The harsh rules and rituals of widowhood were not something I gave thought to as a child, but as I began to read more as a teenager, I began to relate all that I read to the way my grandmother’s life had unfolded, and the weight of her words began to sink in. And yet, she had never expressed anger, resentment or bitterness towards her family that had never stood up and argued against cold-hearted conventions.

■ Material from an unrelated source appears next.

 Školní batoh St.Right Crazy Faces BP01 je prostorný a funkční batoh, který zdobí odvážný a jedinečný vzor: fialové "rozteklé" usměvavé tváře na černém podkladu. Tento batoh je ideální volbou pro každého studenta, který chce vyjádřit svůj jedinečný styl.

I had never heard her lament her fate or complain against her elders who never spoke up for her. Her journey that began well before Independence was a hard one. The coming of Independence changed India, but did not quite change things for her. But as she moved deeper into her journey, she had found that the voices that busily articulated rules and conventions could be left behind, and she could speak in a voice that was uniquely her own. Though that moment came more than two decades after Indian Independence.
______________________
I am grateful to Nandini Dasgupta for her help. And as always to Vivek Dhareshwar for insightful conversations.


2 responses to “The meaning of freedom
Indira Chowdhury”
Fantastic story; very moving writing. Reminds me of the lives of several women of my Kerala, Syrian Christian family. They were always the almost silent anchor, bed rocks of their families; but always taken for granted. The last person to eat the foods they cooked, always deferential to men but the family could not get along without their wisdom, kindness and sacrifices. Many such stories need to be told;I am particularly thinking of my aunts on my father’s and mother’s side. I cant even find a photograph of them in the family albums.
Thanks so much. That is an insightful observation, Anna. I agree that stories bring their lives to our notice. So grateful that you pointed that out.